__Data block__
--- --- ---

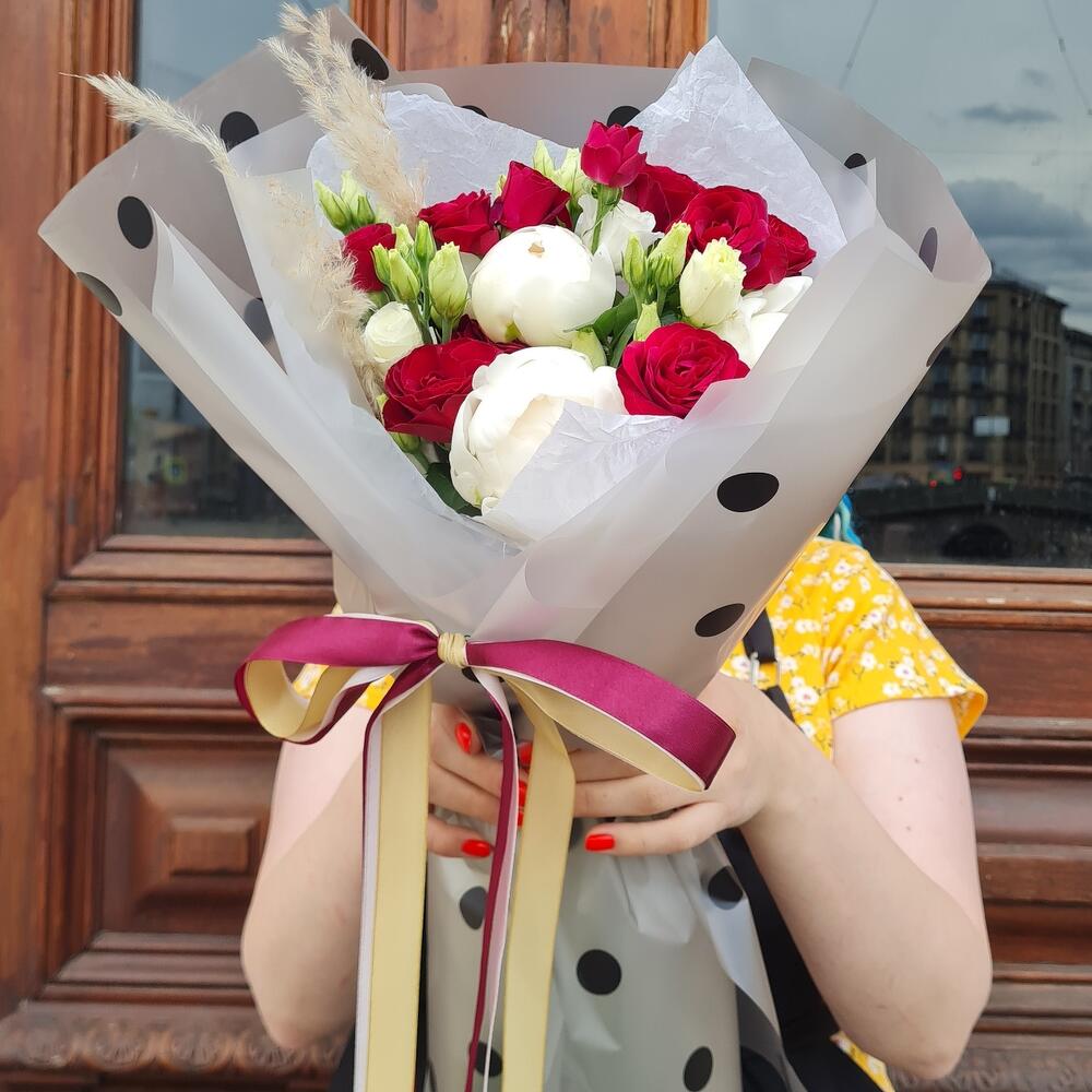 Пион белый – 3 шт.Эустома алиса – 3 шт.марун кустовая – 3 шт.
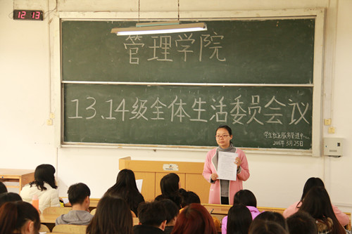 为了规范我院学生宿舍管理,优化学生宿舍卫生环境,我院于3月25日在屏风2101教室召开学生社区管理工作会议,学生社区管理服务中心成员和2013级、2014级生活委员参加了会议。会议由学院学工组长沈菲菲主持。 会议上,...
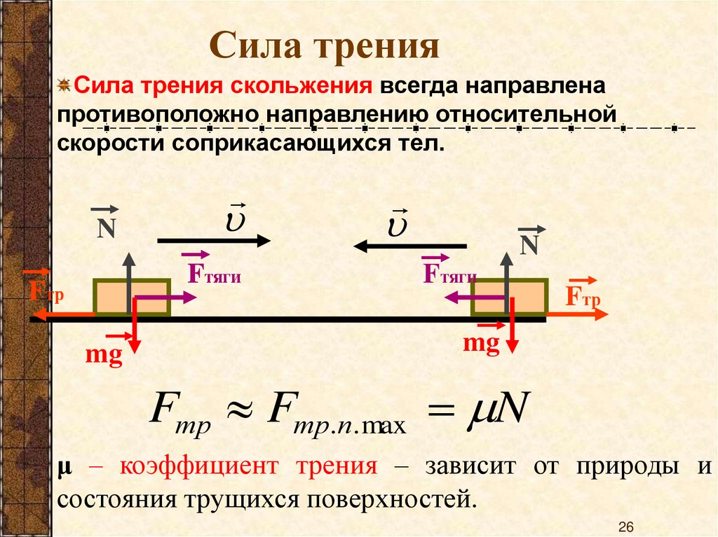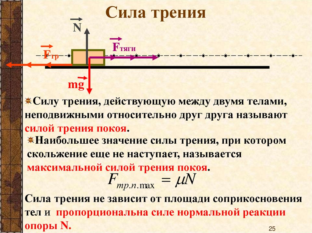 Сила трения - сила, возникающая присоприкосновении поверхностей тел,
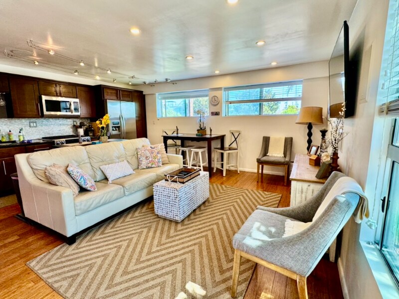 Property Id: 1184489 You'll love my fully furnished high-end unit because of the peaceful palm tree views, comfy queen beds, chef inspired kitchen, spa like bath, AC, washer/dryer, parking & more. It's a modern 2 bedroom, 1 bath 2nd floor oasis that's open & bright. There's also a tiny private outdoor patio area with 4 stools and BBQ (see photo) The unit comes with 1 private off street parking space & all utilities are included. It has 5 speaker surround sound, 60" HDTV, RokuTV, YouTubeTV, AppleTV, WiFi, A/C, Washer, Dryer, keyless entry & more. It's great for longer term business travelers, remote workers, etc. Location, location, location: a stone's throw from everything that makes Venice Beach famous. It's less than 3 blocks to the beach, shopping, restaurants, night life, Abbot Kinney, Venice Canals, Farmers Market & more. Priced for 6 months. Lease length is negotiable. Small well behaved pets considered w/ deposit. This is 1 unit in a small 3 unit building. Showings only possible as of Oct 1.

--- --- ---

__Activity__
All that is wanted is the run of lines from the start of the material through the line that holds "Сила трения - сила, возникающая", retyped exactly, with no pictures.

__Written answer__
 Пион белый – 3 шт.Эустома алиса – 3 шт.марун кустовая – 3 шт.
 为了规范我院学生宿舍管理,优化学生宿舍卫生环境,我院于3月25日在屏风2101教室召开学生社区管理工作会议,学生社区管理服务中心成员和2013级、2014级生活委员参加了会议。会议由学院学工组长沈菲菲主持。 会议上,...
 Сила трения - сила, возникающая присоприкосновении поверхностей тел,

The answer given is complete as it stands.